Kısa zamanda Aslan Kralın krallık mührünü kaybettiği ve artık krallığının düştüğü tüm ormanda duyulmuş. Aslan kral hemen bir ferman çıkarttırmış. Fermanda diyor muş ki “Biliyorsunuz ki mühür artık bende değil. Orman kanunlarına göre krallık mühür kimdeyse kral da o olmak zorundadır. Mühür her kimdeyse bir an önce ortaya çıksın ki görev teslimi yapılması gerekmektedir.” Bunu duyan yılan çıkmış ortaya ve büyük bir gururla “Mühür bende.” demiş. Aslan kral hemen devir teslim töreni yapılmasını emretmiş ve büyük bir törenle yılanın krallığı ilan edilmiş.

Yılan büyük bir kibirle oturduğu tahtta ormanı yönetmeye başlamış. Krallık yapmaya başlamasına başlamış ama işler hiç bitmek bilmiyormuş. Ve hiç birini de tam olarak yapamıyormuş. Kimse ona yardım etmiyormuş. Halk bu durumdan epey rahatsız oluyor “Nerede Aslan Kralımız nerede Yeni Kral diyerek kıyaslama yapıyormuş.” Bunu duyan yılan orman halkına yaranmak için ziyafetler vermeye başlamış. Ama bu durum da halk arasında hoş karşılanmıyor ve kimse yılana saygı duymuyormuş. Yılan kralın bu işe canı çok sıkılıyormuş. Buna hemen bir çözüm bulmak gerekiyormuş. Orman halkı devir teslim töreninde dahi Aslan Kralı büyük bir saygı ile uğurlarken bu saygının zerresini yılana göstermiyormuş. Yılan bu duruma her defasında daha fazla öfkeleniyormuş.

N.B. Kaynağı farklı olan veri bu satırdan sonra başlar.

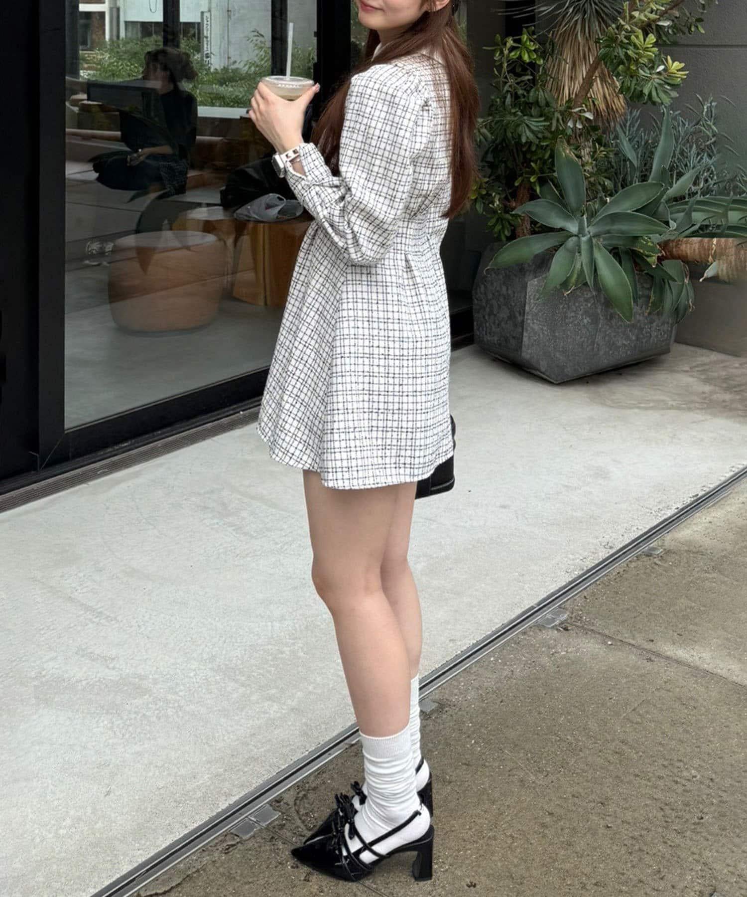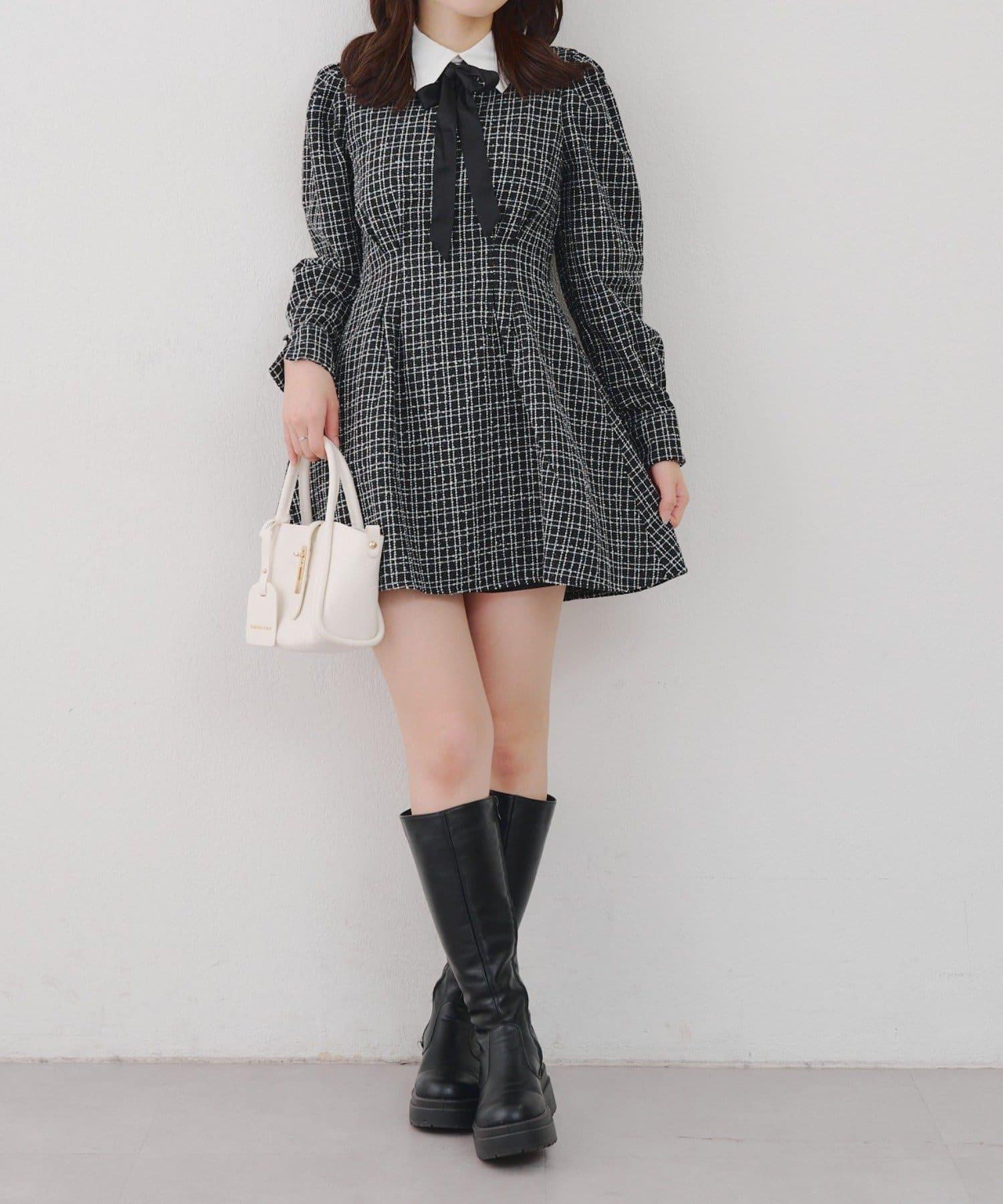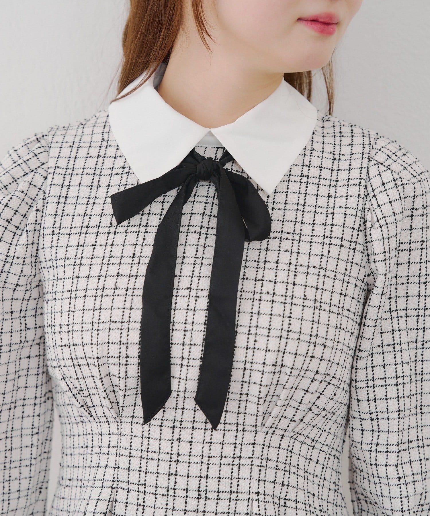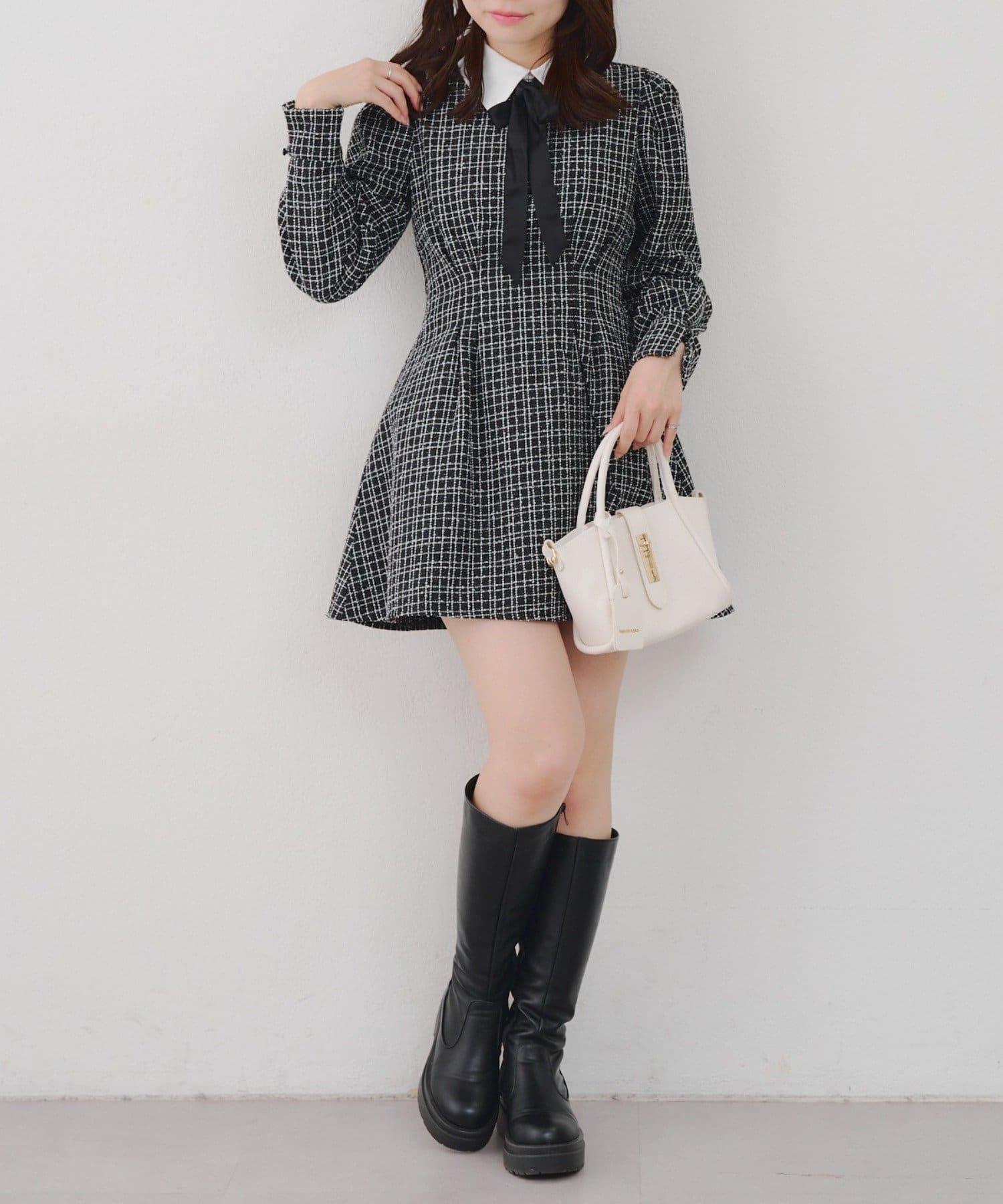 【Tweed Collection】拼色領口粗花呢迷你連衣裙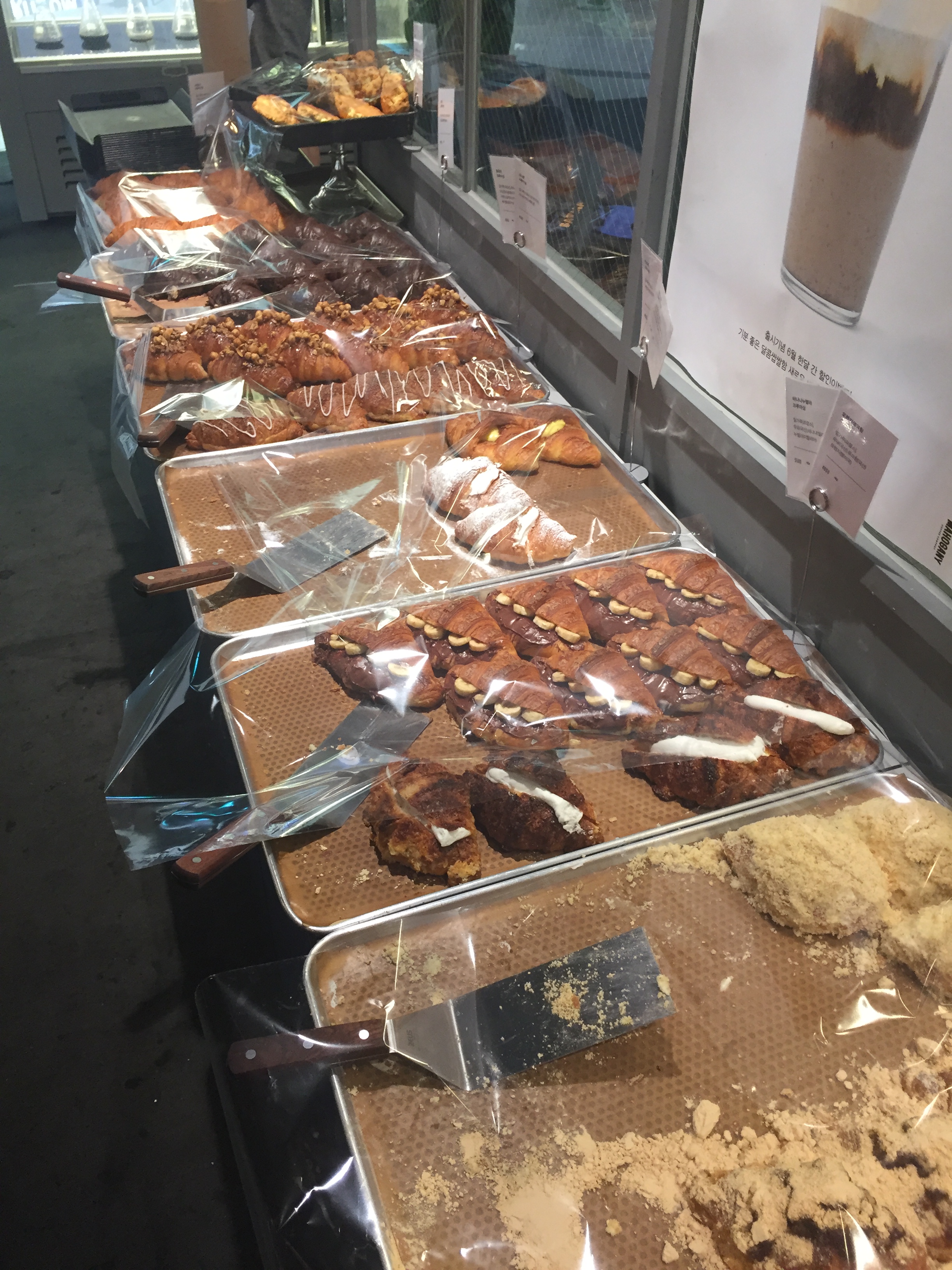 초코가 듬뿍 발라진 크로아상도 있고 많은 종류의 빵이..

Daha fazla dayanamayıp asla yapmak istemeyeceği bir şey yaparak Aslan Kralın kapısını gitmiş. O sırada atmaca da Aslan kralın evindeymiş, sohbet ediyorlarmış. Aslan Kral her zamanki olgunluğu ile yılanı kabul etmiş. Yılan Kral hemen söze girmiş “Aslan Kral ne yaptıysam ne ettiysem bir türlü olmuyor. İşler bitmek bilmediği gibi orman halkı da memnun olmuyor. Söyler misin bu işin sırrı nedir?” Aslan Kral yüzünde tebessümle ”Dilersen bu sorunun cevabını sevgili atmaca versin.” deyince atmaca “Aslında her şey ortada ve sen buraya kadar geldiğine göre bu sorunun cevabını zaten yaşayarak öğrenmiş olmalısın.” demiş.